• _EXERCISE PROMPT_
Skipping all pictures, please restate word for word the lines from the one that contains "女子向けラノベタイトル風あだ名 | 『キマ様がみてる』『キマアンティーク』 |" through the last line of the entries.

• _AVAILABLE RECORDS_
"""
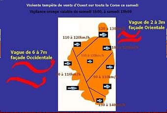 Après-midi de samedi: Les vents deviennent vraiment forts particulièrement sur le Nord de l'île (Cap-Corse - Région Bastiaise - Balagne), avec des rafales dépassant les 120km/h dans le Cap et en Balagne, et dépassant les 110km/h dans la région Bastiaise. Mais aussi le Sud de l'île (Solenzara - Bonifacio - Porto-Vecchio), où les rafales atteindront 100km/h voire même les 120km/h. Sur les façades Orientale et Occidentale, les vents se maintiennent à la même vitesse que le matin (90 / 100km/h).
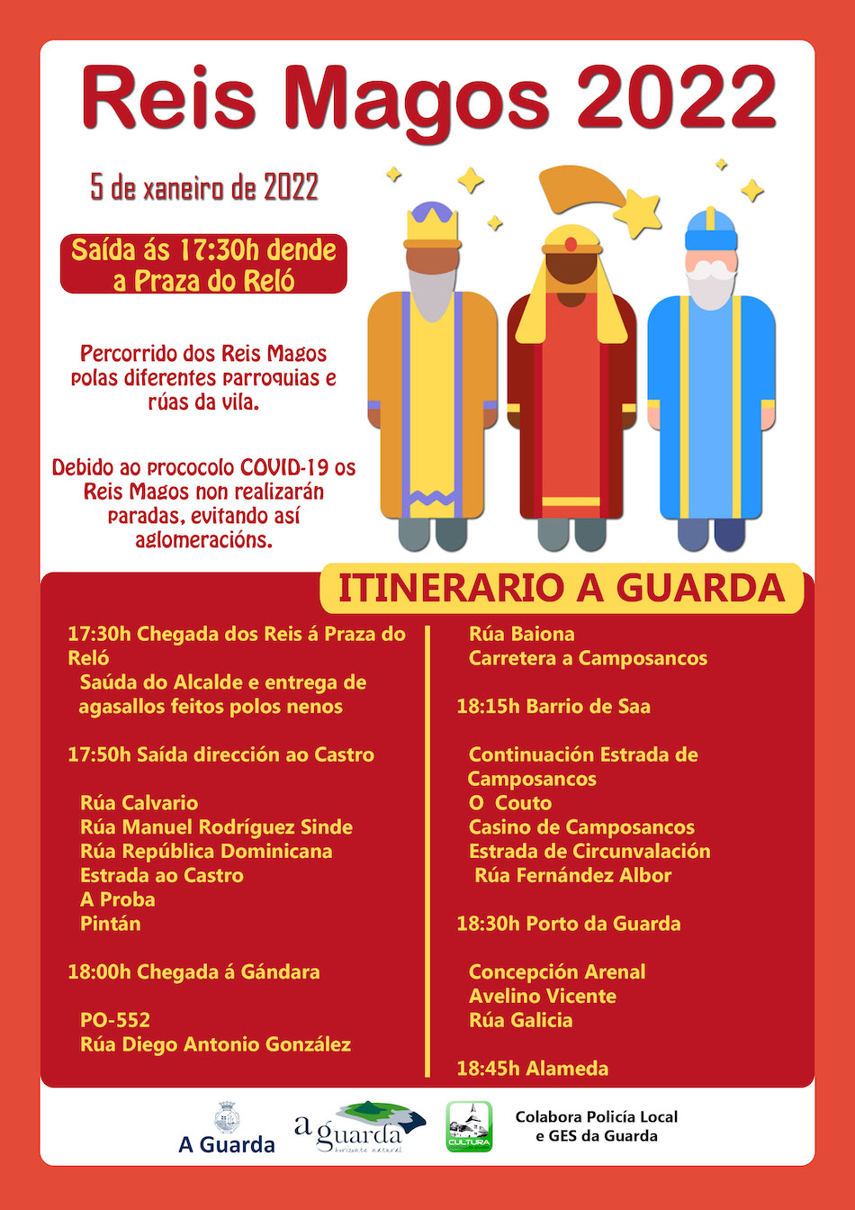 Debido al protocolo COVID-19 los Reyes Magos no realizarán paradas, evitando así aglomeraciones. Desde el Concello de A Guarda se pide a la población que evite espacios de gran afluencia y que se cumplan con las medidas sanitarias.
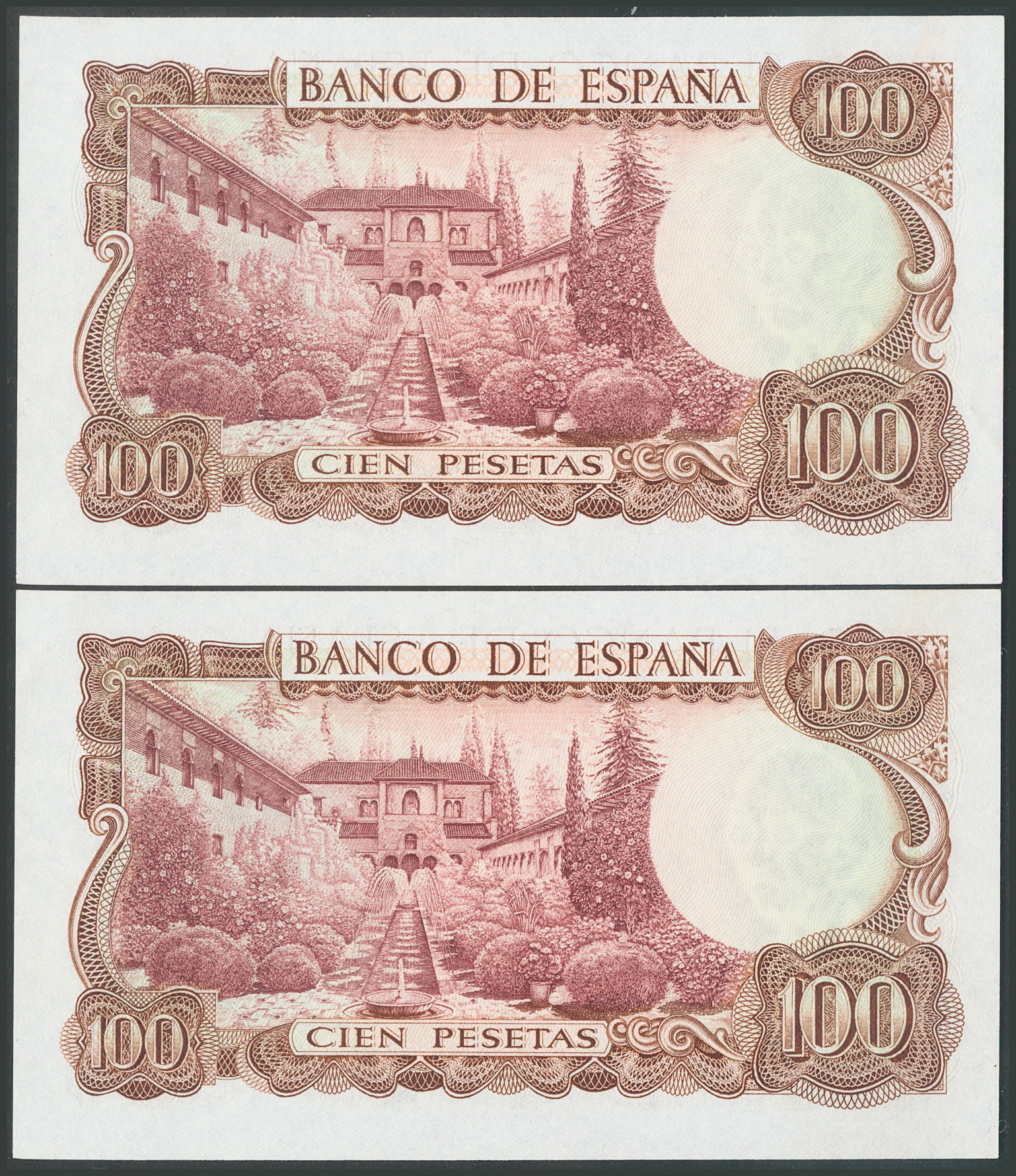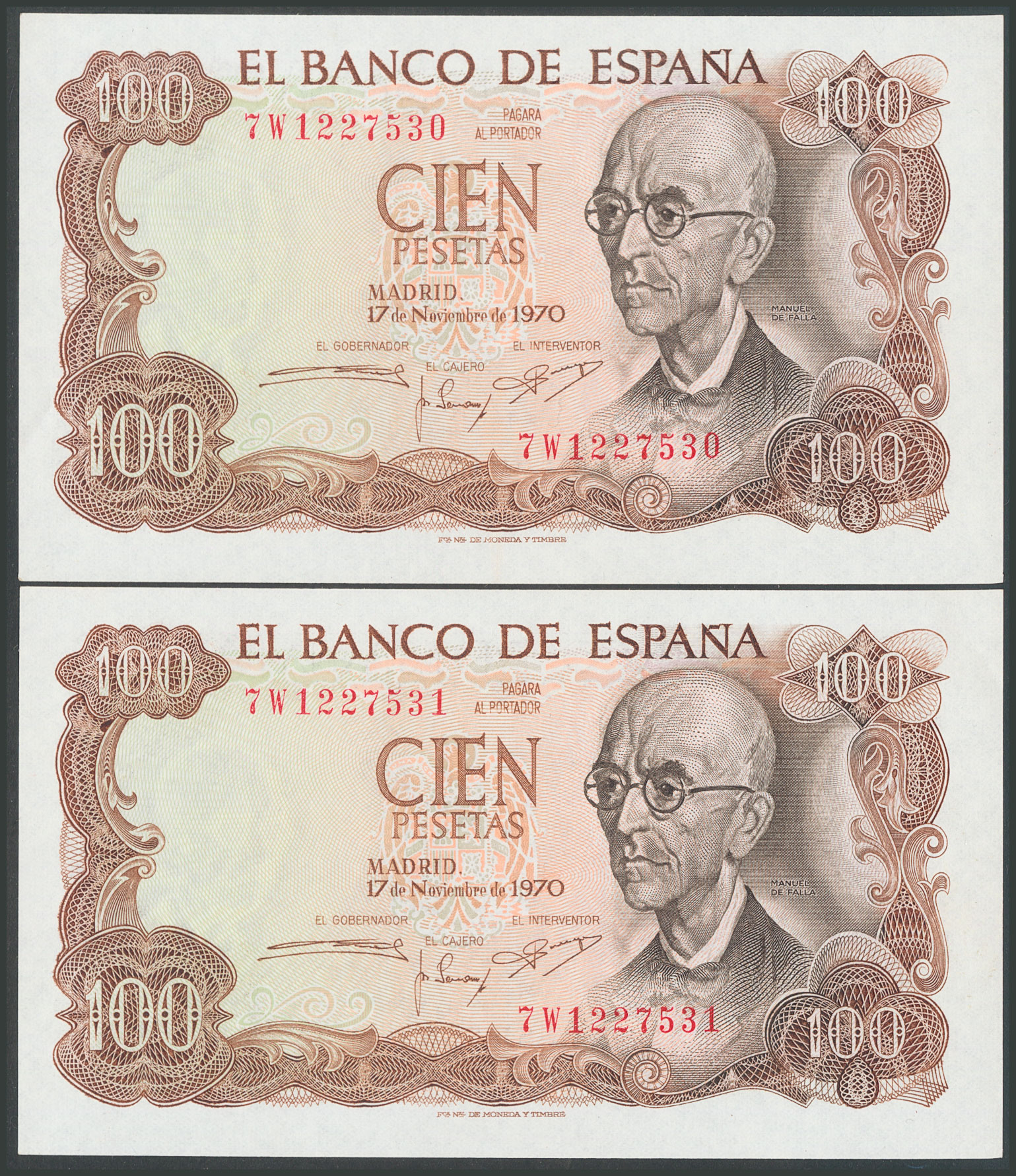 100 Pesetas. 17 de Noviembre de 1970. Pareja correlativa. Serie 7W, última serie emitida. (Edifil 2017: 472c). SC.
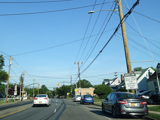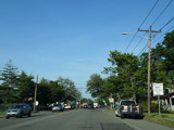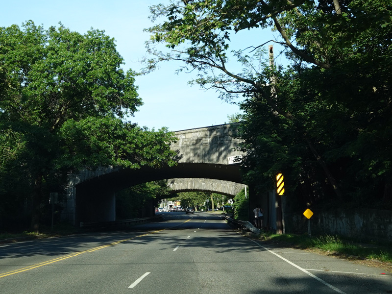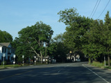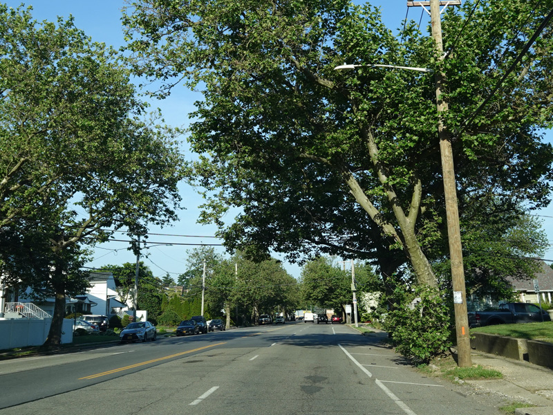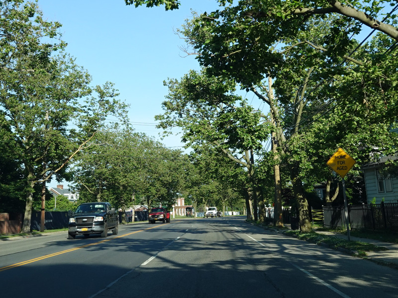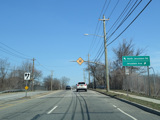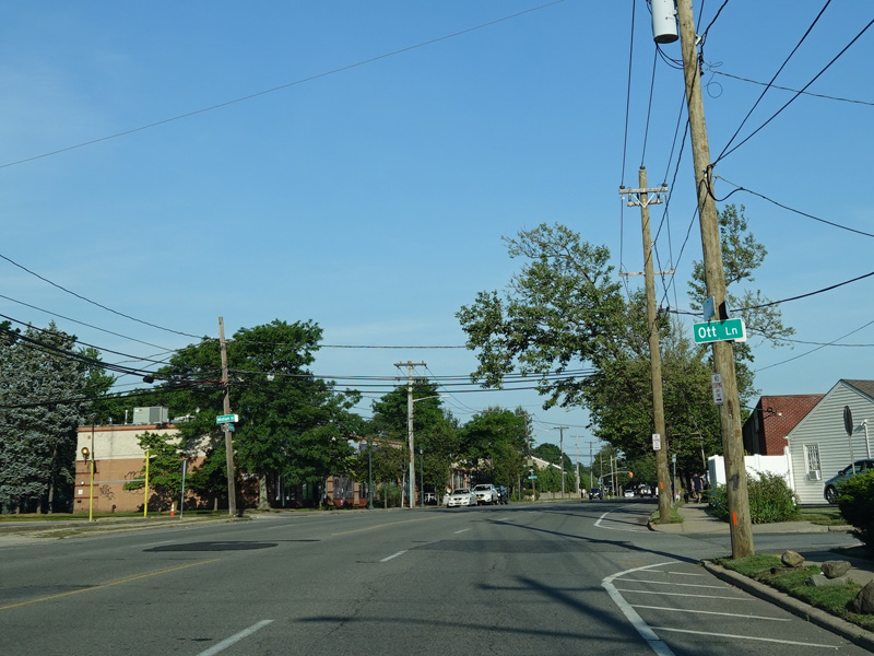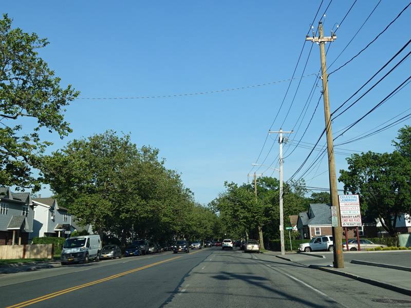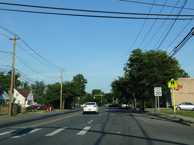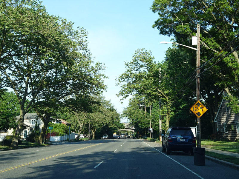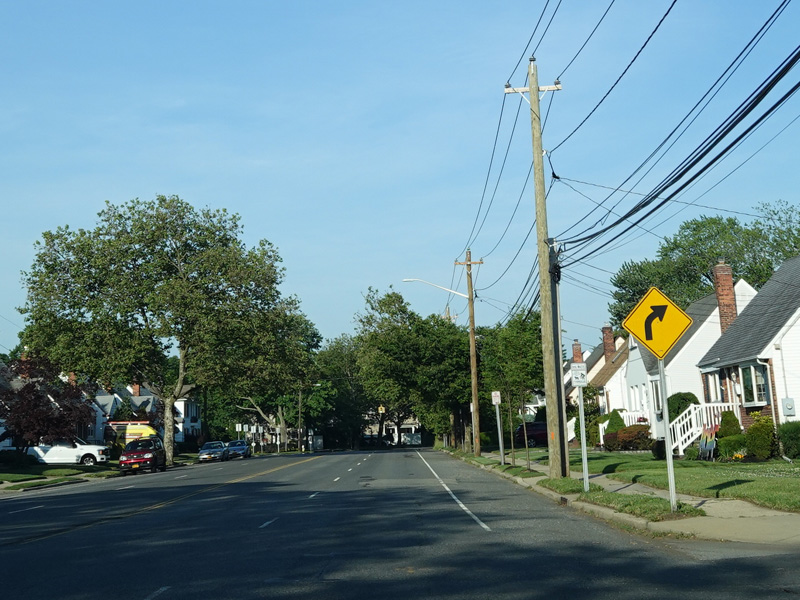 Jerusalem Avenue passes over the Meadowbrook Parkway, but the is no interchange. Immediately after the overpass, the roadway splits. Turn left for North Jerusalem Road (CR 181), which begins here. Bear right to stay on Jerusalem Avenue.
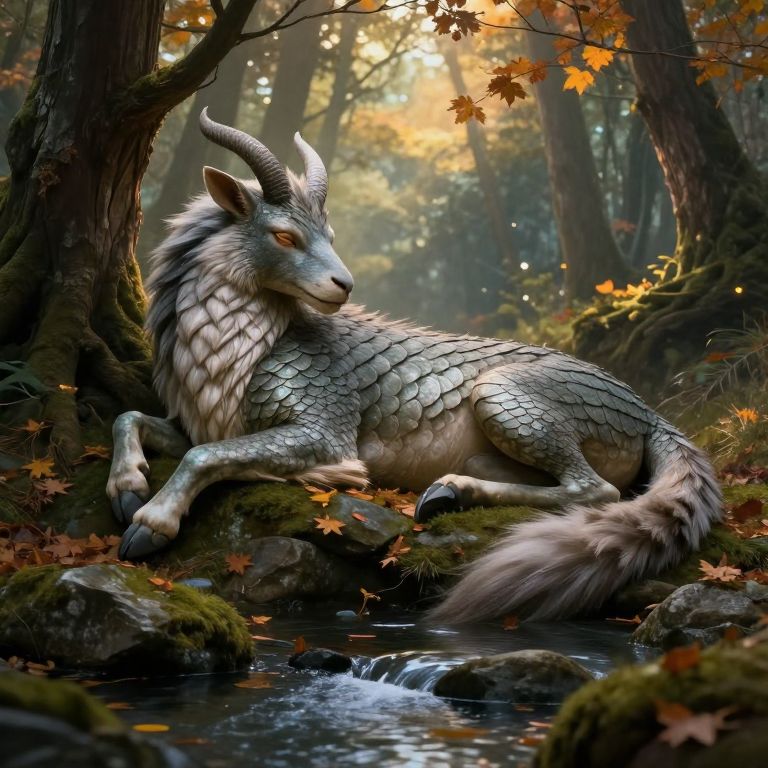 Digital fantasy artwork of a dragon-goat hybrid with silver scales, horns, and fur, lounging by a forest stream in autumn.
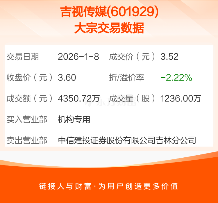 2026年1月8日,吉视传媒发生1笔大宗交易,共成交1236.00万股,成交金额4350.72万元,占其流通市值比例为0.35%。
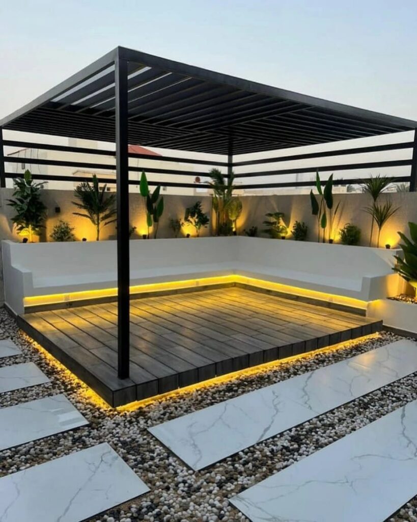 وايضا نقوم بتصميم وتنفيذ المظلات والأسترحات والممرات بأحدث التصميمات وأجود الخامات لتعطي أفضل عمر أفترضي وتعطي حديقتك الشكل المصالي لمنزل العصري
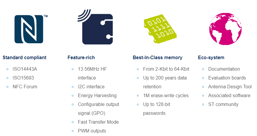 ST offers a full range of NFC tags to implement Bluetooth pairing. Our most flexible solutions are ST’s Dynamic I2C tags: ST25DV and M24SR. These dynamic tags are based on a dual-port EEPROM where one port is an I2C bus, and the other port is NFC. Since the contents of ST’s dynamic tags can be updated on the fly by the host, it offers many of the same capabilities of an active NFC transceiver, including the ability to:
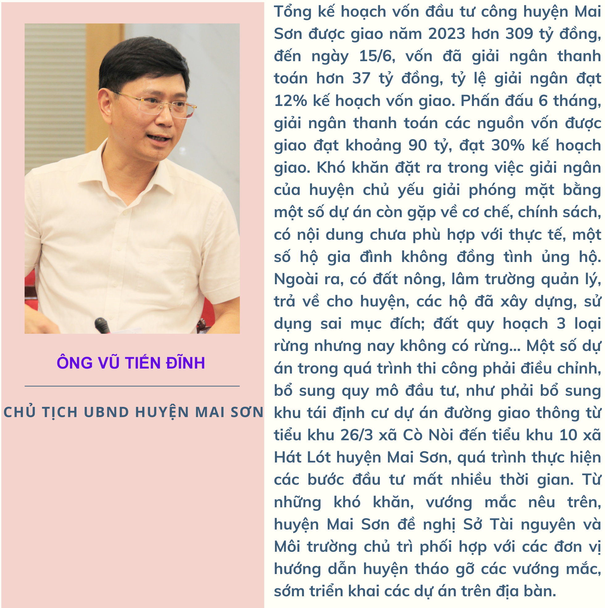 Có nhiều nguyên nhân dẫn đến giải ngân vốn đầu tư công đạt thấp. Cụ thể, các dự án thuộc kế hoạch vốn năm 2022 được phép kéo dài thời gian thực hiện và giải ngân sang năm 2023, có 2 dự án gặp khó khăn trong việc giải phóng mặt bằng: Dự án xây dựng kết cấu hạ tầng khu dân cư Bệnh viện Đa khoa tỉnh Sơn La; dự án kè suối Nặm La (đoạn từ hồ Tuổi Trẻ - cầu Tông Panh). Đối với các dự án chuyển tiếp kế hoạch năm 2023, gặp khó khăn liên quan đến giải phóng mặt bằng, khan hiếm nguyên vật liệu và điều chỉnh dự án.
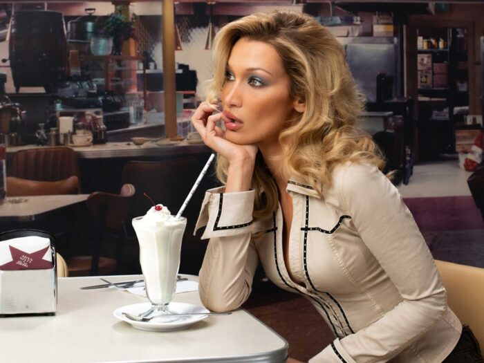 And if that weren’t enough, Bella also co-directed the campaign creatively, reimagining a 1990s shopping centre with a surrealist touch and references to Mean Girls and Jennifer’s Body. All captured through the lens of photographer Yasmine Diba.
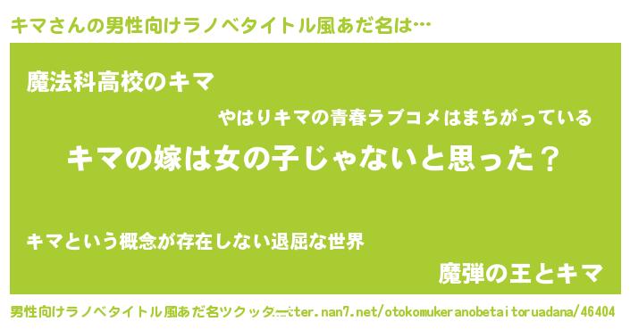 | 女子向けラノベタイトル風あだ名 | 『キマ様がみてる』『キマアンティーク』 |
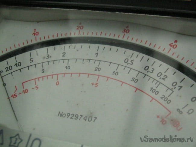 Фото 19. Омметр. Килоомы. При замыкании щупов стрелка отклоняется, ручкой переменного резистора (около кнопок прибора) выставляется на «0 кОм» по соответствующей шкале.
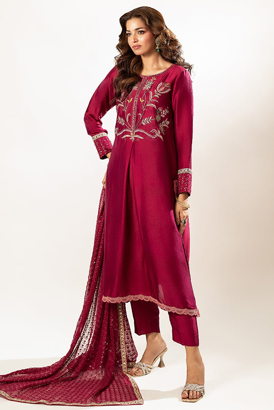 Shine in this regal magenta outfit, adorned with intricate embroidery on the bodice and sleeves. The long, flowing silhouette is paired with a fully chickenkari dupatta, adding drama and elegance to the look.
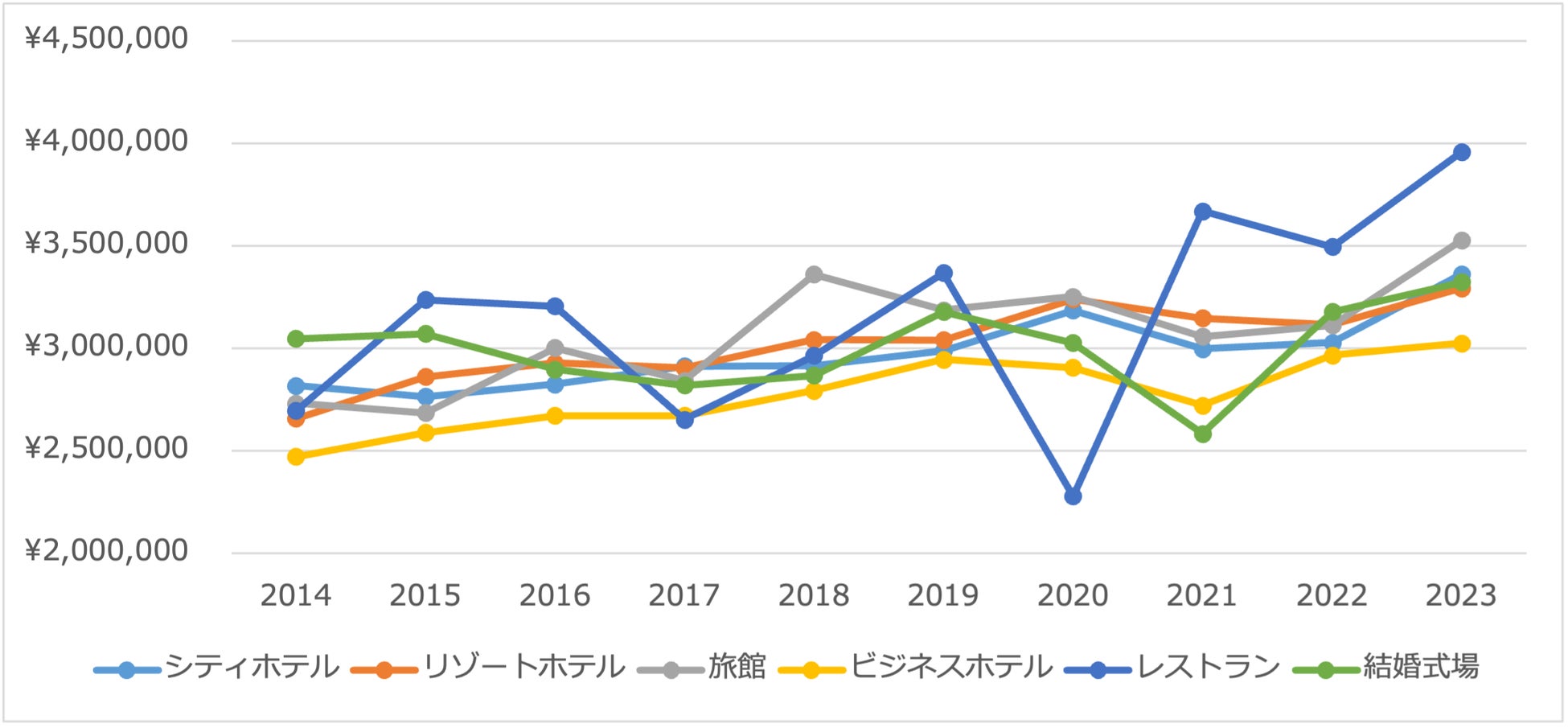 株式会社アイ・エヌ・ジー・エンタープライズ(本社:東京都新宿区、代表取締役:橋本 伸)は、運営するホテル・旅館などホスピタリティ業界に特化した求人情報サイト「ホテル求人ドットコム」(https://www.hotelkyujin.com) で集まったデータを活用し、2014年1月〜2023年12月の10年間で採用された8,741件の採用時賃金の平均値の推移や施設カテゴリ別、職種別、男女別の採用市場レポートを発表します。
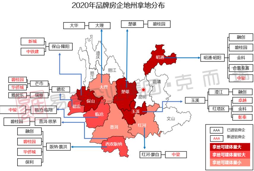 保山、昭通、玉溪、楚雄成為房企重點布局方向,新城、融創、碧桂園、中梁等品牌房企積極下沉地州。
"""
• _RESULT OF THIS TASK_
 | 女子向けラノベタイトル風あだ名 | 『キマ様がみてる』『キマアンティーク』 |
 Фото 19. Омметр. Килоомы. При замыкании щупов стрелка отклоняется, ручкой переменного резистора (около кнопок прибора) выставляется на «0 кОм» по соответствующей шкале.
 Shine in this regal magenta outfit, adorned with intricate embroidery on the bodice and sleeves. The long, flowing silhouette is paired with a fully chickenkari dupatta, adding drama and elegance to the look.
 株式会社アイ・エヌ・ジー・エンタープライズ(本社:東京都新宿区、代表取締役:橋本 伸)は、運営するホテル・旅館などホスピタリティ業界に特化した求人情報サイト「ホテル求人ドットコム」(https://www.hotelkyujin.com) で集まったデータを活用し、2014年1月〜2023年12月の10年間で採用された8,741件の採用時賃金の平均値の推移や施設カテゴリ別、職種別、男女別の採用市場レポートを発表します。
 保山、昭通、玉溪、楚雄成為房企重點布局方向,新城、融創、碧桂園、中梁等品牌房企積極下沉地州。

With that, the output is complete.